Si l'espace E est muni d'un recouvrement ouvert (Eλ)λ∈L et si f est une application f:(E,$\mathfrak{T}$)→(E',$\mathfrak{T'}$) telle que la restriction de f à chacun des ouverts Eλ est continue, alors f est continue sur E.

Mais le théorème n'est plus vrai si les Eλ ne sont plus des ouverts, comme le montre l'exemple suivant. Prenons la fonction caractéristique de l'ensemble des rationnels Χ($\mathbb{Q}$) (fonction de Dirichlet) prenant la valeur 1 sur tout rationnel et 0 sur tout irrationnel. La restriction de cette fonction à $\mathbb{Q}$ est constante donc continue et il en est de même de sa restriction à $\mathbb{R}$-$\mathbb{Q}$, mais considérée comme fonction définie sur $\mathbb{R}$ cette fonction n'est continue en aucun point. De fait le seul prolongement continu d'une fonction constante sur $\mathbb{Q}$ est une fonction constante.

Continuité uniforme

Ce point concerne exclusivement les espaces métriques. Il arrive que la notion de continuité ne soit pas assez forte pour être héréditaire par certains processus courants de l'analyse comme les passages à la limite. On éprouve donc le besoin de renforcer les hypothèses. La notion introduite ici n'a cependant aucun équivalent dans la théorie des espaces topologiques généraux.

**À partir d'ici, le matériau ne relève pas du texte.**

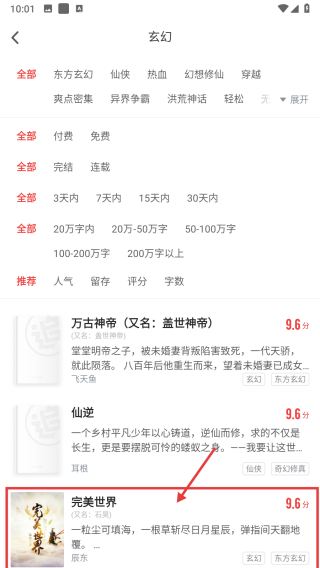 3、在玄幻小說列表頁面,選擇完美世界小說,進(jìn)入小說詳情頁面。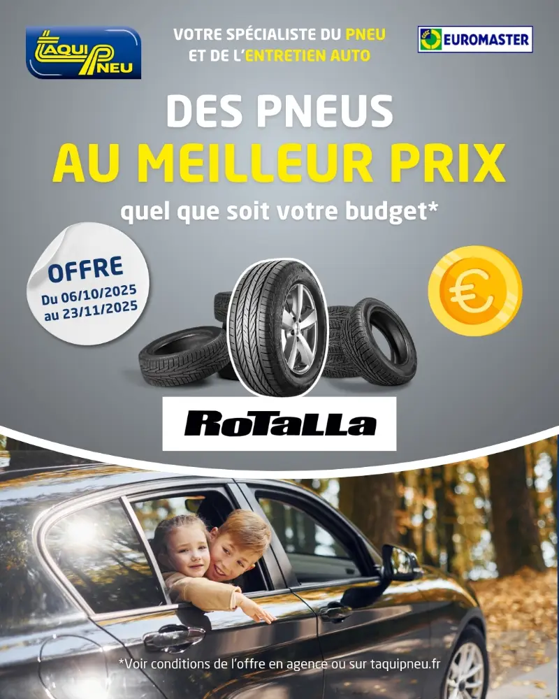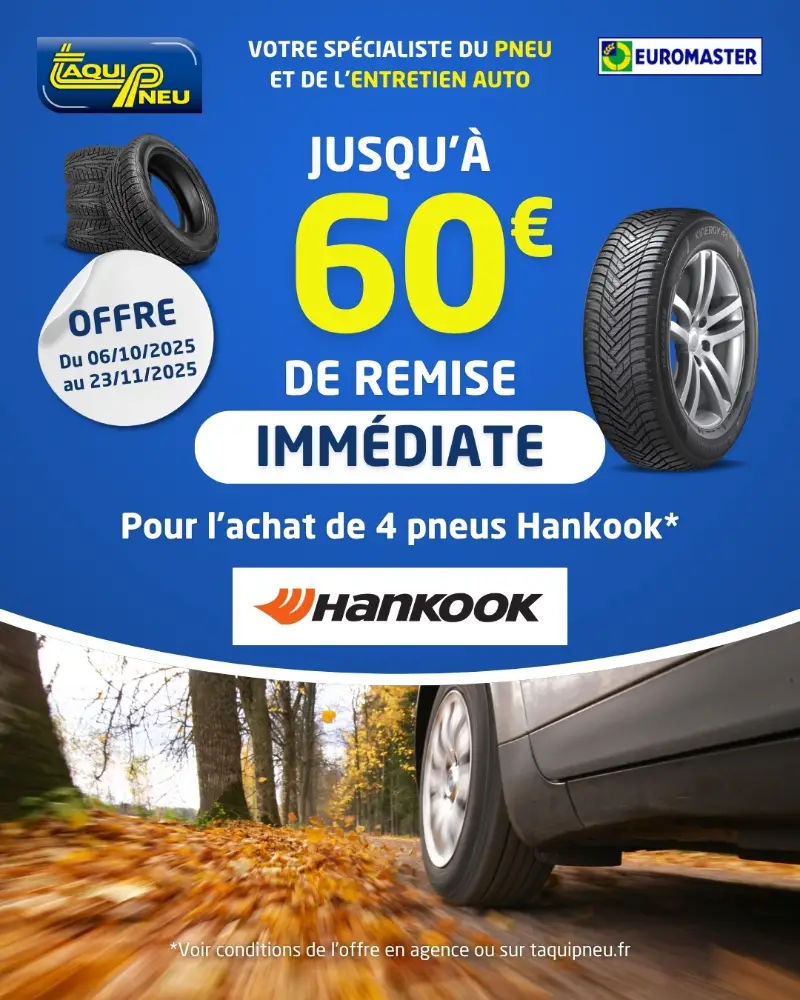 Chez Taquipneu, nous savons qu’entretenir son véhicule peut vite peser sur le budget. C’est pourquoi nous proposons toute l’année des promos sur les pneus et de nombreuses offres sur l’entretien de la voiture, pour vous permettre de rouler en toute sécurité sans sacrifier votre portefeuille.

Soient (E,d) et (E',d') deux espaces métriques et f:E→E' une fonction de E dans E'. On dit que f est uniformément continue si ∀ε>0 il existe η>0 tel que
d(x,y)<η⇒d'(f(x),f(y))<ε.

La différence essentielle avec la continuité usuelle sur les espaces métriques est que le η ne dépend que de ε (et non pas de chaque point particulier x0). C'est donc une propriété plus forte.

Toute fonction uniformément continue sur E est continue sur E.

Par exemple, si A est une partie quelconque d'un espace métrique E la fonction f(x)=d(x,A) à valeurs réelles est uniformément continue.

La fonction x:→x² est uniformément continue sur tout intervalle compact, mais n'est pas uniformément continue sur $\mathbb{R}$.

On a également le résultat suivant:

La composée de deux applications uniformément continue est encore uniformément continue.